Repeat, word for word and with nothing added, each line from the one containing "王艷老師在比賽中講授了《市場" to the final line of the data, keeping both ends. Pictures are not part of the copy.

§ DATA EXTRACT:
____

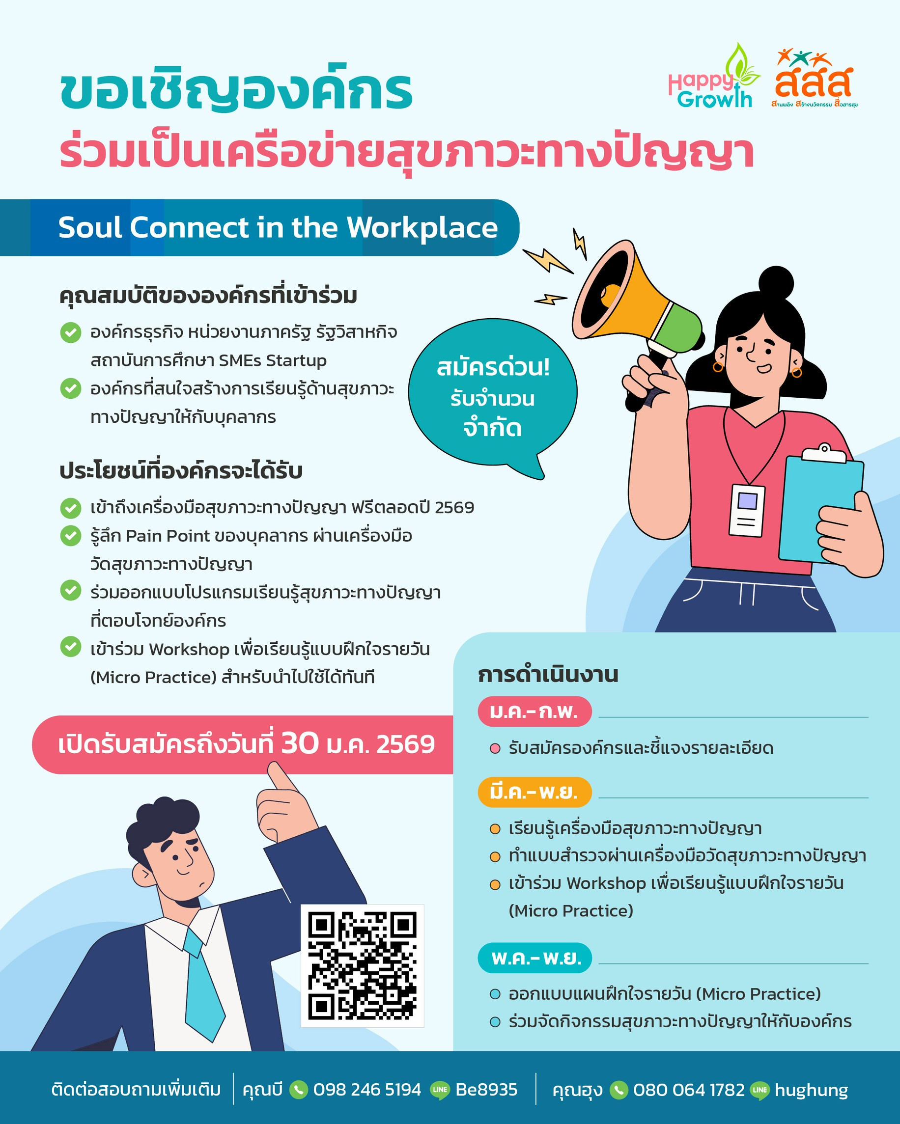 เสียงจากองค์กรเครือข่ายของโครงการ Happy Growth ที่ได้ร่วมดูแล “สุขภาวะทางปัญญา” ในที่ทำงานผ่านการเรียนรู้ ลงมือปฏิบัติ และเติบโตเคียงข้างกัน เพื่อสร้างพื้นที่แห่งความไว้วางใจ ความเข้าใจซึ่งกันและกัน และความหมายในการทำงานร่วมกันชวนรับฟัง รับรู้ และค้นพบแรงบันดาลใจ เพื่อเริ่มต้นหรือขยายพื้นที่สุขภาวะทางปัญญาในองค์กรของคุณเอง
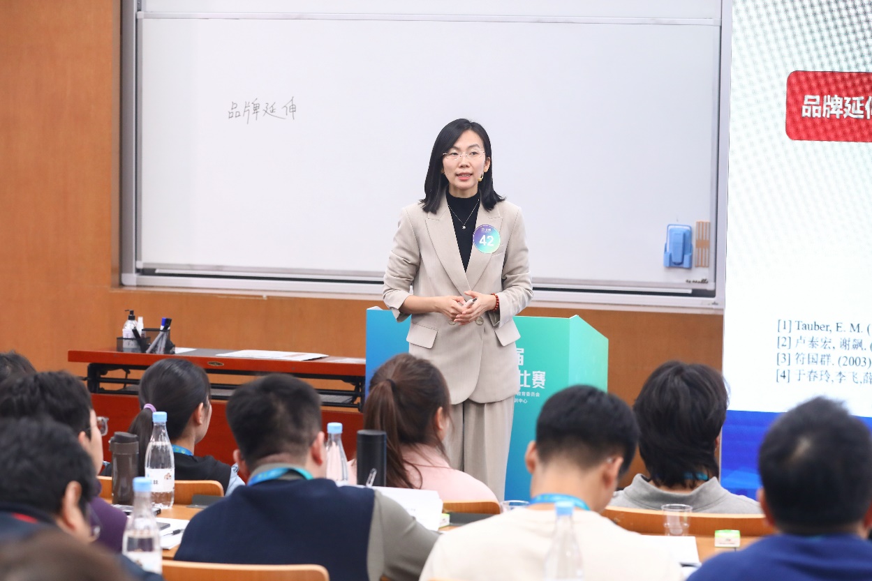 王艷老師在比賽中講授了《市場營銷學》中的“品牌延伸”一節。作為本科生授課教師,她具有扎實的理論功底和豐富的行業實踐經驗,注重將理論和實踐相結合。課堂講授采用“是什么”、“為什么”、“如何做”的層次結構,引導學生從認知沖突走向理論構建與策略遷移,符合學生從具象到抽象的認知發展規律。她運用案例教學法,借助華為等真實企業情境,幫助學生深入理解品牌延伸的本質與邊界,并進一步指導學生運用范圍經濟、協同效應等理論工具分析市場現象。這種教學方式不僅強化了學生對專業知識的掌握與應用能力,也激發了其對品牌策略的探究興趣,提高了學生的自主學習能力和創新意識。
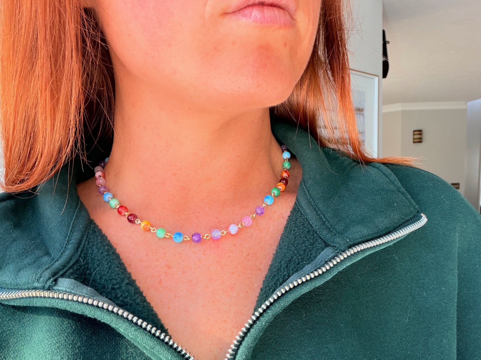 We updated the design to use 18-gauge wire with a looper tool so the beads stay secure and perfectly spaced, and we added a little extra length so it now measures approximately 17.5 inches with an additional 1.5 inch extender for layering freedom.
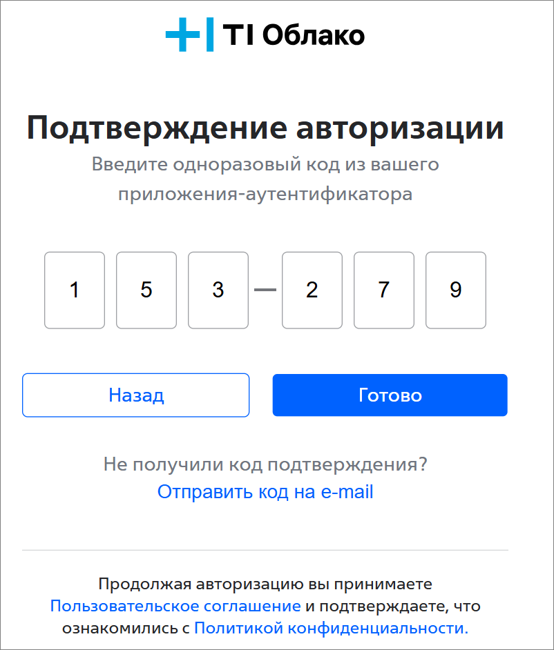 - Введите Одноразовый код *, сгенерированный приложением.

____

§ EXERCISE RESULT:
 王艷老師在比賽中講授了《市場營銷學》中的“品牌延伸”一節。作為本科生授課教師,她具有扎實的理論功底和豐富的行業實踐經驗,注重將理論和實踐相結合。課堂講授采用“是什么”、“為什么”、“如何做”的層次結構,引導學生從認知沖突走向理論構建與策略遷移,符合學生從具象到抽象的認知發展規律。她運用案例教學法,借助華為等真實企業情境,幫助學生深入理解品牌延伸的本質與邊界,并進一步指導學生運用范圍經濟、協同效應等理論工具分析市場現象。這種教學方式不僅強化了學生對專業知識的掌握與應用能力,也激發了其對品牌策略的探究興趣,提高了學生的自主學習能力和創新意識。
 We updated the design to use 18-gauge wire with a looper tool so the beads stay secure and perfectly spaced, and we added a little extra length so it now measures approximately 17.5 inches with an additional 1.5 inch extender for layering freedom.
 - Введите Одноразовый код *, сгенерированный приложением.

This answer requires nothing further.